Manjit Singh
Data Science Portfolio
Education
Executive Post Graduate Program in Data Science & AI
IIIT Bangalore
Oct ‘23 – Jan ‘25
Bachelor of Commerce (B.Com)
Gauhati University
Jul ‘20 – Jun ‘23
Professional Experience
Associate - Data Analyst
Samhita | Remote | Nov 2024 – Present
At Samhita, I support data-driven decision-making for financial inclusion projects by managing datasets, uncovering insights, and automating processes across multiple programs. I work closely with program, tech, and MEL teams to ensure data flows efficiently from collection to actionable insight.
• Key Responsibilities:
🧹 Data Management & Reporting:
- Maintain and update datasets across Access to Finance initiatives including Pre-Credit Score (PCS), Returnable Grants, and Formal Loans.
- Consolidate repayment data from various sources and support data cleaning, validation, and standardization.
📊 Dashboarding & Visualization:
- Assist in building and maintaining dashboards for internal monitoring and external reporting.
- Support real-time updates and enhancements for evolving project needs.
🔍 Data Analysis & Insight Generation:
- Conduct exploratory data analysis (EDA) to identify trends and anomalies.
- Extract, transform, and analyze data from SQL databases to inform strategic decisions.
⚙️ Process Automation & GenAI Adoption:
- Develop automation scripts using Python, SQL, and VBA to streamline recurring data workflows.
- Contribute to identifying and piloting GenAI use cases to enhance team productivity.

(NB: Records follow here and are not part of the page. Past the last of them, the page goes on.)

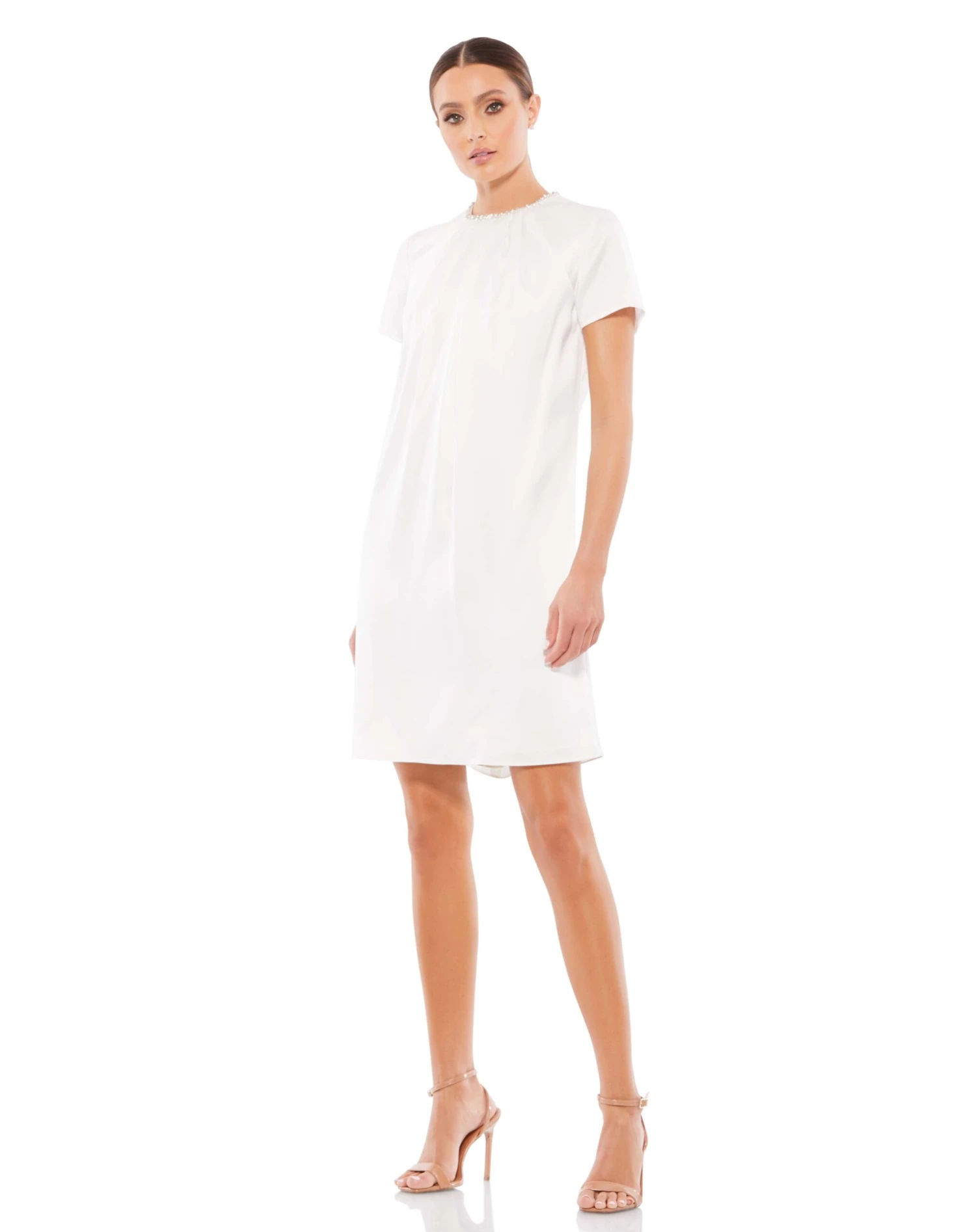 This effortless shift has easy, relaxed styling with a band of crystals around the neckline to elevate the otherwise minimalist design. The dress flaunts short sleeves, a central inverted pleat, and a rounded shirttail-inspired hem. Give it a fresh twist with high-top sneakers or style it for special occasions with classic pumps.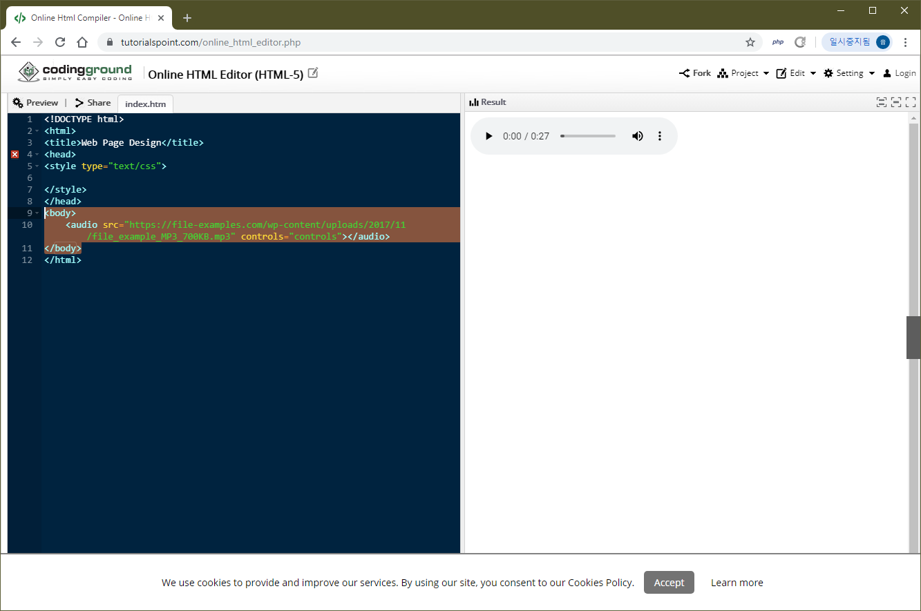 src속성에 사용하는 파일은 예제에서 mp3를 사용했으나 ogg나 wav같은 파일도 사용이 가능합니다. 다만 현재 이 글을 쓰는 시간 기준으로 크롬, 파이어폭스, 오페라만 이 세 가지 파일을 모두 지원하며 익스플로러는 mp3만, 사파리는 mp3와 ogg만 지원이 가능한 점 참고하시기 바랍니다.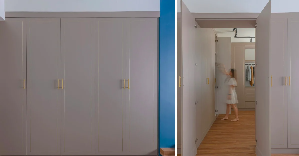 A set of wardrobe doors in their master bedroom hide the entrance to their walk-in wardrobe, which, when opened, leads into a spacious area consisting of more wardrobe and storage spaces.
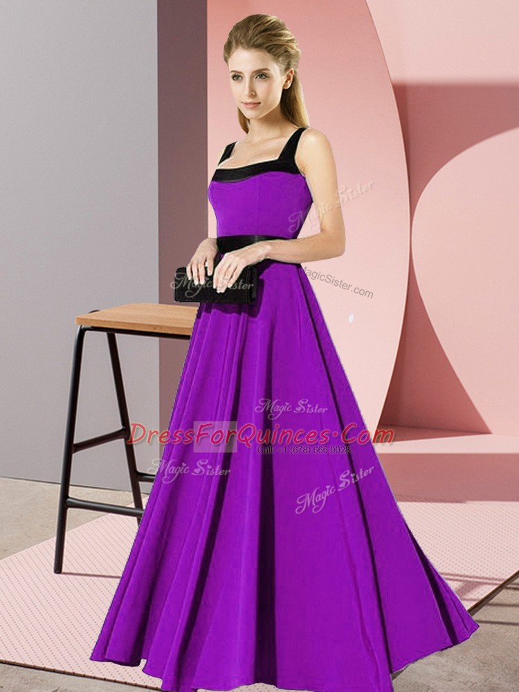 Luxurious Empire Dama Dress Purple Square Chiffon Sleeveless Floor Length Zipper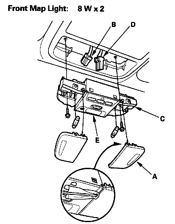 Front Individual Map Light Replacement1. Carefully pry off the lens (A) with a small screwdriver.
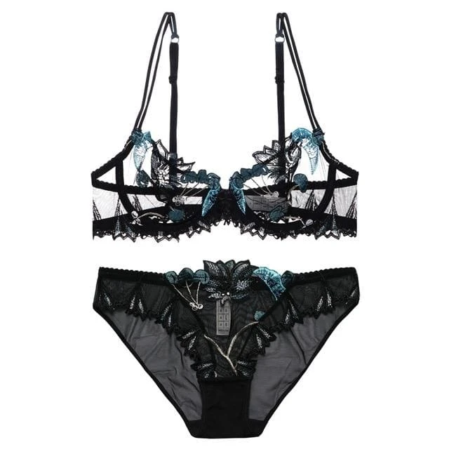 - This sweet embroidered chiffon lace bra and panty set has gorgeous hand-details including ruffles in all the right places!

🤝 Cross-Team Collaboration:
- Coordinate with cross-functional teams to respond to data requests and support grant reports, donor updates, and tool development.
- Assist in the design of data collection formats and tracking templates for improved monitoring.
Internships
Business Analyst Intern
Quest Global Technologies Ltd | Remote | Nov 2023 – May 2024
- Led the automation of reporting workflows using Excel, SQL, and visualization tools like PowerBI, enabling real-time KPI tracking and reducing manual effort by 10%.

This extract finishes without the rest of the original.